Die letzte Etappe steht an. Es geht zirka 15 Kilometer durch den Wald. Ich komme mir vor wie auf einem MTB-Trail. Endlich raus aus dem Wald begrüßt mich der Gegenwind. Eine Weile später dreht der Wind – wunderbar. Ich allerdings muss auch umdrehen, ich habe die Abzweigung verpasst und muss zurück. In Stralsund treffe ich Kitty und Uschi, die zwei Radfahrerinnen aus Lübeck wieder. Sie haben sich immer wieder bei mir erkundigt, wie es mir geht, und ein bisschen auf mich aufgepasst. Nachdem wir uns verabschiedet haben – Endspurt. Ich trete voll in die Pedale. Mir kommt vor, ich stehe, so stark weht der Wind. Voll Adrenalin komme ich fix und fertig nach 80 Kilometern gegen den Wind an und habe einen Riesengrinser im Gesicht. Bevor es weitergeht, mache ich noch einen Tag Pause in Stralsund. Zum Glück bin ich am Vortag angekommen. Der Wind ist jetzt so stark, es wäre unmöglich gewesen zu radeln. Von den Backsteinbauten habe ich genug gesehen. Ab in den Zug und nach Hannover zu Freunden. Dort hat es 38 Grad. Wir radeln 40 Kilometer durch die Stadt bis wir uns total verschwitzt in einer Kneipe am Wasser niederlassen und uns die Getränke fast schon zur Abkühlung ins Gesicht schütten.

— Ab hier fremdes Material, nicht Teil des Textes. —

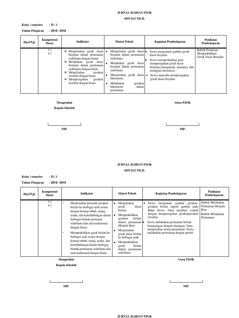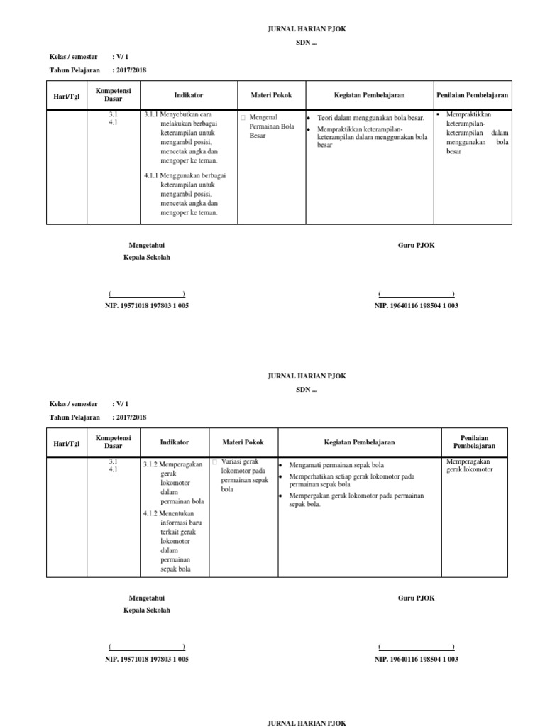 41+ Contoh Jurnal Harian Guru Penjas Sd Pictures. Jurnal harian daring kelas 6 semester 1. Jurnal harian yang admin bagikan untuk guru mapel pjok penjas penjasorkes dan penjaskes ini merupakan file kurikulum 2013 yang dibuat berdasarkan permendikbud untuk revisi tahun 2017. 4.9 kosakata dan ungkapan perkenalan diri. Untuk kali ini kami akan bagikan contoh jurnal harian guru dan siswa format excel untuk kebutuhan administrasi guru ataupun akreditasi sekolah standar isi, proses dan penilaian baik jenjang sd/mi, smp/mts, sma/smk dan ma. Download jurnal harian pjok kelas 4 sd/mi untuk semester 1 dan 2.
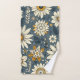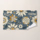 Un estampado floral vintage con flores crema y amarilla en un fondo azul.

Am nächsten Tag geht es wieder mit dem Zug nach Wien. Beim Aus-dem-Fensterschauen lächle ich, ich hatte so eine schöne Zeit: am Rad bei 15 bis 38 Grad, von Lübeck bis Stralsund und durch Hannover, von Wien mit dem Zug gen Norden und zurück, von einer Radreiseanfängerin zum Radreisefan – und überlege schon, wohin die nächste Radreise geht.